_About this task_: The pictures in the data below are to be omitted; all else must be duplicated exactly.

_Data block_:

....

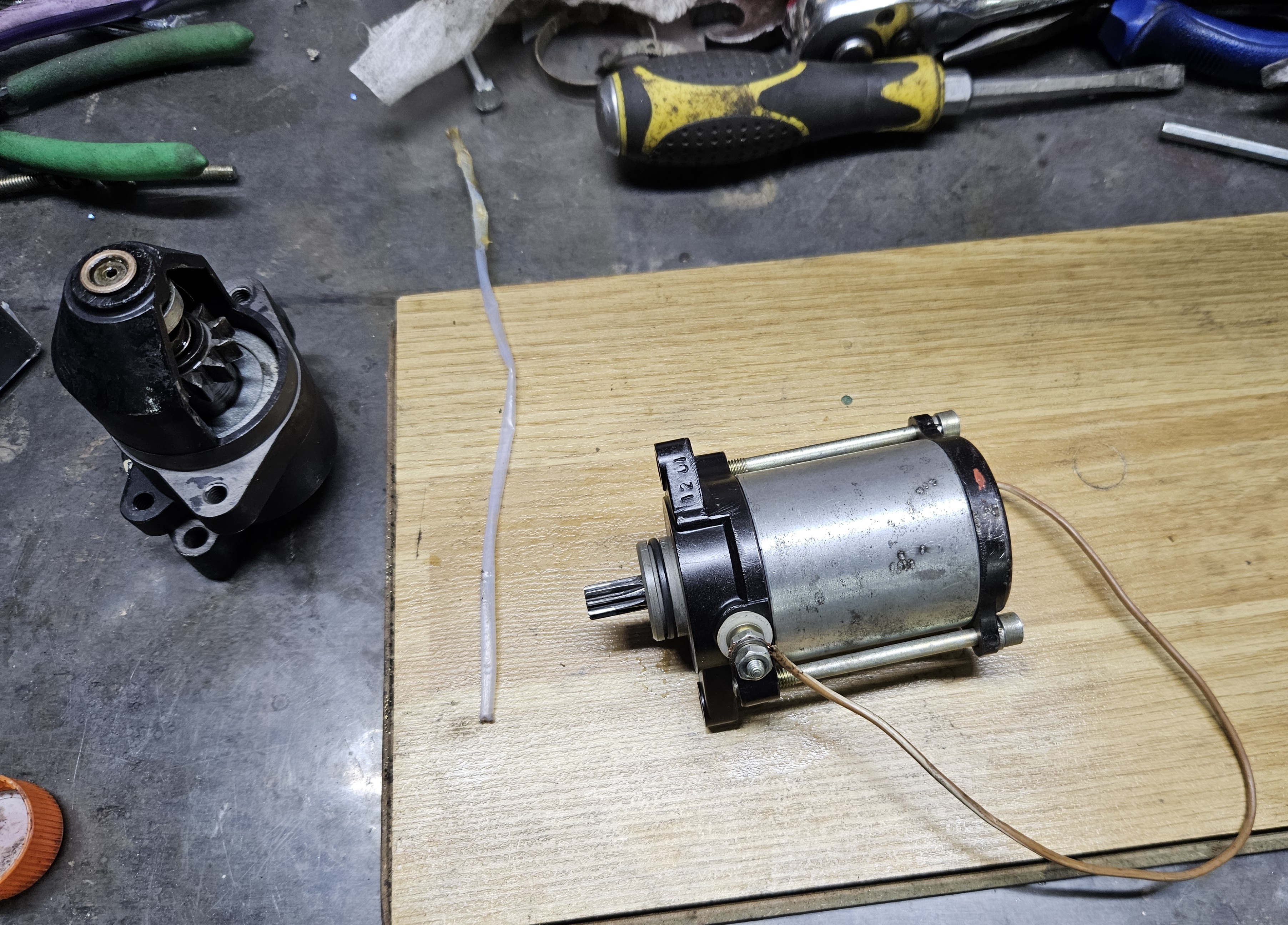 Но как вариант, сам моторчик возможно подойдет от такой Yamaha JOG 90 2т, Stels, 1E40QMB, https://www.ozon.ru/product/starter-yamaha-jog-90-2t-stels-1e40qmb-1666943696/ , но это не точно. Цилиндрическая часть похоже меньше на 1 мм, и по картинке не пойму по крепежным отверстиям, они должны быть смещены относительно вала, т.е. быть не на одной оси с ним.
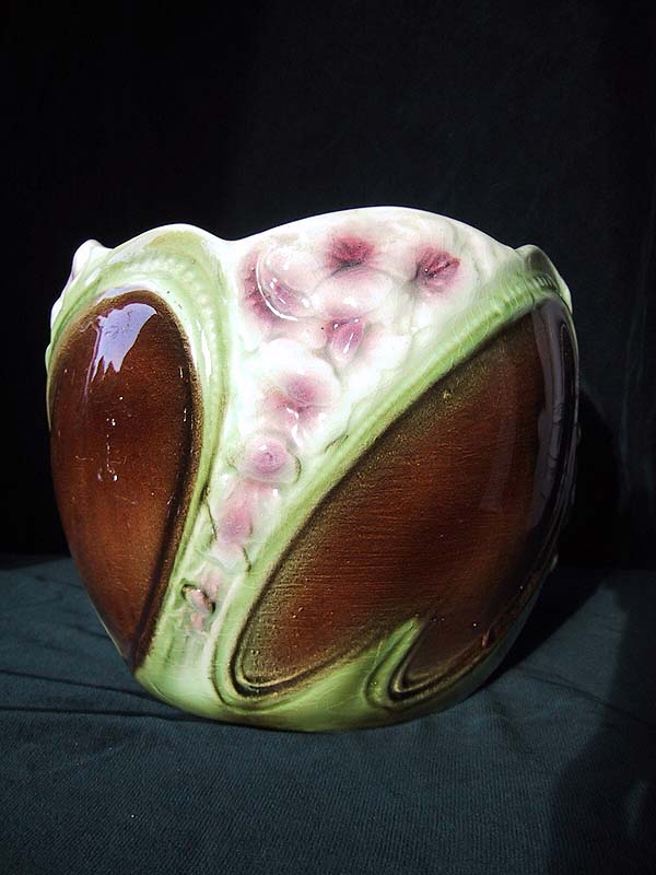 Jugendstil Blumenübertopf Braun / Grün / Lila Höhe : Durchmesser :
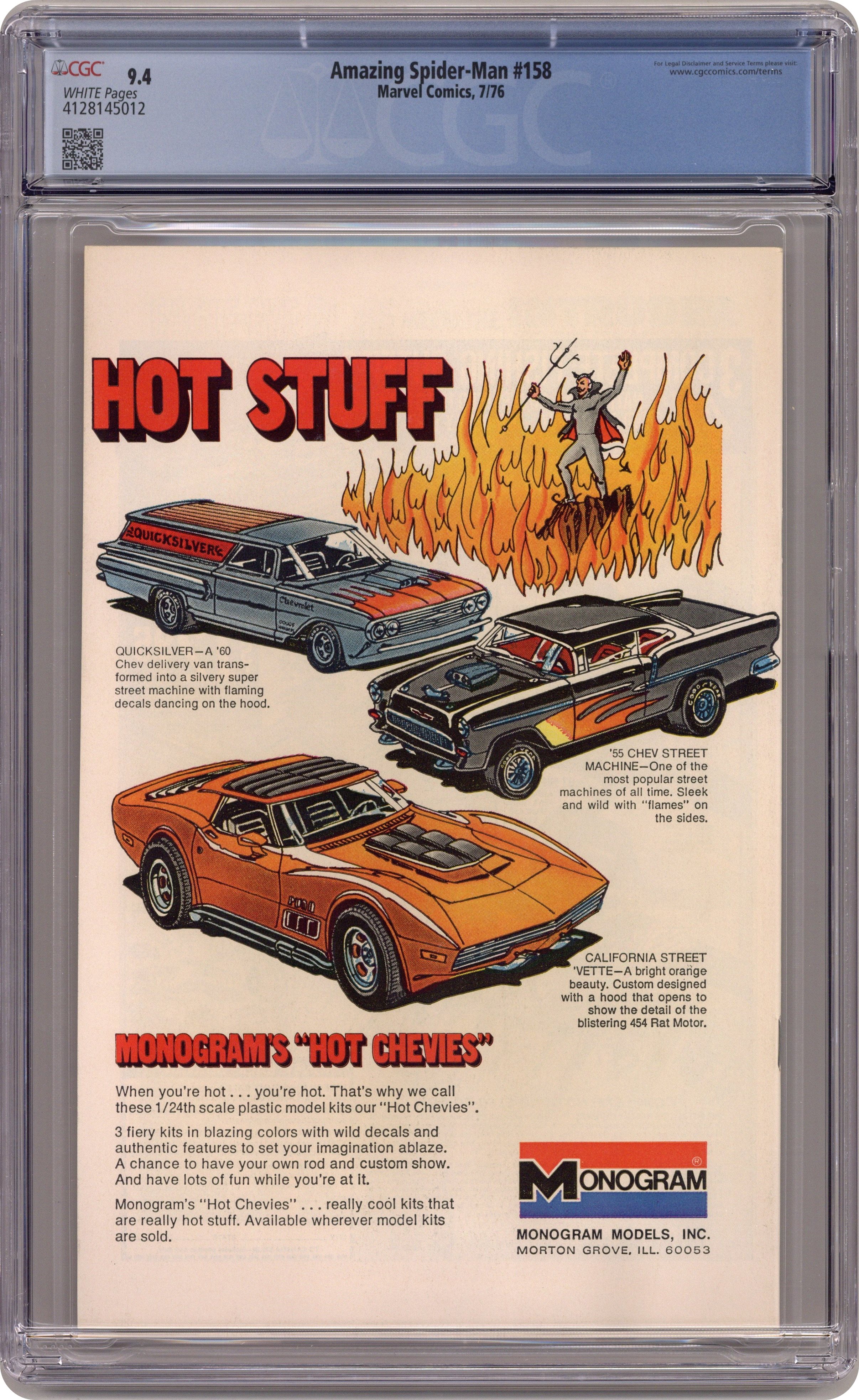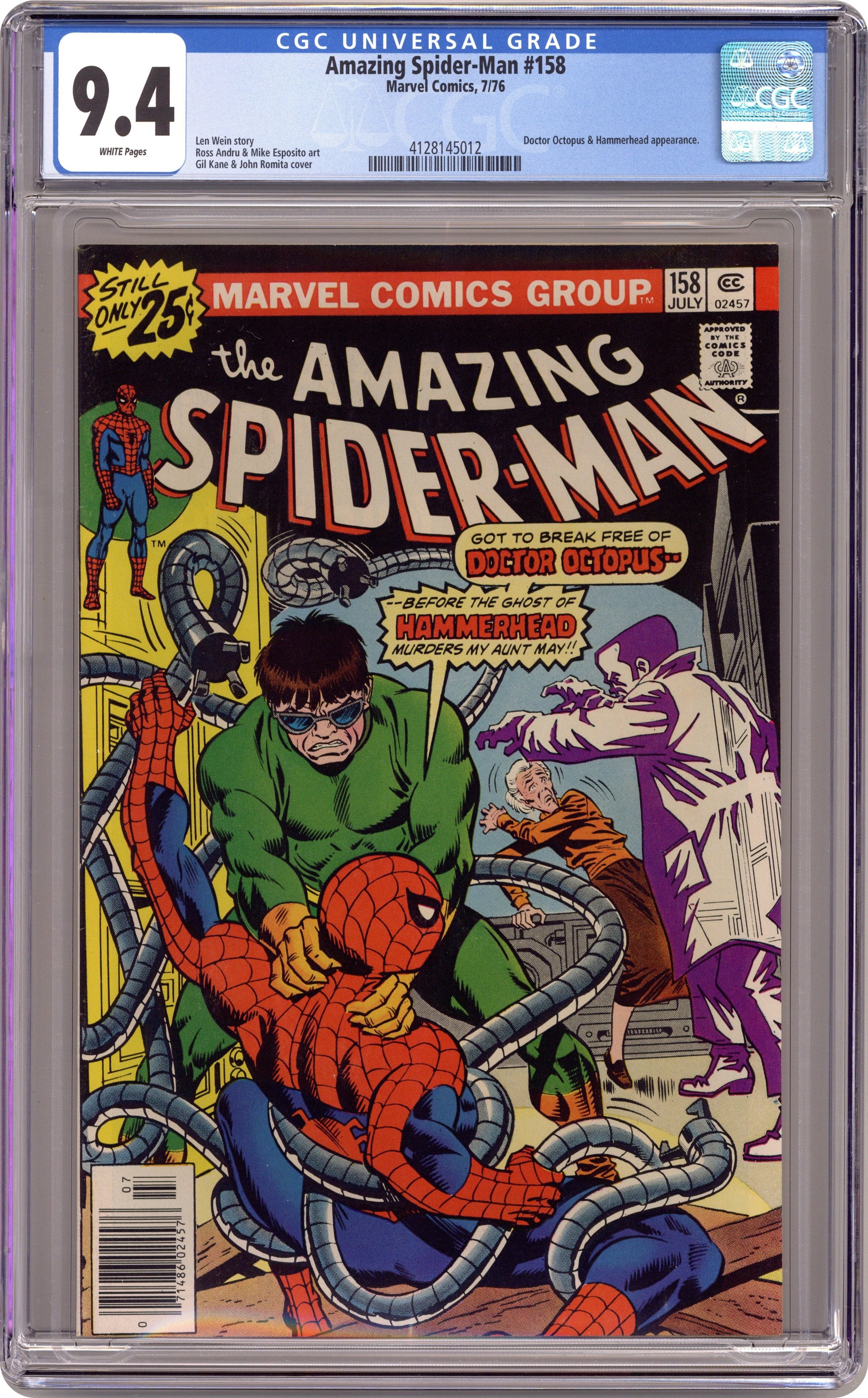 "Hammerhead is Out!" Part 2 of 3. Script by Len Wein. Pencils by Ross Andru. Inks by Mike Esposito. Cover by Ross Andru and Frank Giacoia. After surviving his free fall from the helicopter, the wondrous wall-crawler continues his pursuit of Dr. Octopus and Aunt May! The six-armed super-villain takes refuge at Brookhaven National Laboratory to draw Hammerhead's ghost into a deadly trap! But the sudden arrival of the web-slinger throws off Doc Ock's plan! Instead of destroying the ghost, Octopus' equipment returns Hammerhead to flesh and blood! And that sets the stage for the next issue's three-sided tussle: Doctor Octopus vs. Hammerhead vs. your friendly neighborhood Spider-Man! Cameo appearances by Mary Jane Watson, Glory Grant, Joe Robertson, and J. Jonah Jameson. (Notes: This issue contains a full-page ad for Hostess Twinkies featuring Captain America vs. the Red Skull. This story was reprinted in Marvel Tales 135. A 30-cent cover price variant exists for this issue.) 36 pages. Cover price $0.25. Grade: CGC 9.4 explanation of grade Condition: Used (collectible)

....

_Expected answer_:
 Но как вариант, сам моторчик возможно подойдет от такой Yamaha JOG 90 2т, Stels, 1E40QMB, https://www.ozon.ru/product/starter-yamaha-jog-90-2t-stels-1e40qmb-1666943696/ , но это не точно. Цилиндрическая часть похоже меньше на 1 мм, и по картинке не пойму по крепежным отверстиям, они должны быть смещены относительно вала, т.е. быть не на одной оси с ним.
 Jugendstil Blumenübertopf Braun / Grün / Lila Höhe : Durchmesser :
 "Hammerhead is Out!" Part 2 of 3. Script by Len Wein. Pencils by Ross Andru. Inks by Mike Esposito. Cover by Ross Andru and Frank Giacoia. After surviving his free fall from the helicopter, the wondrous wall-crawler continues his pursuit of Dr. Octopus and Aunt May! The six-armed super-villain takes refuge at Brookhaven National Laboratory to draw Hammerhead's ghost into a deadly trap! But the sudden arrival of the web-slinger throws off Doc Ock's plan! Instead of destroying the ghost, Octopus' equipment returns Hammerhead to flesh and blood! And that sets the stage for the next issue's three-sided tussle: Doctor Octopus vs. Hammerhead vs. your friendly neighborhood Spider-Man! Cameo appearances by Mary Jane Watson, Glory Grant, Joe Robertson, and J. Jonah Jameson. (Notes: This issue contains a full-page ad for Hostess Twinkies featuring Captain America vs. the Red Skull. This story was reprinted in Marvel Tales 135. A 30-cent cover price variant exists for this issue.) 36 pages. Cover price $0.25. Grade: CGC 9.4 explanation of grade Condition: Used (collectible)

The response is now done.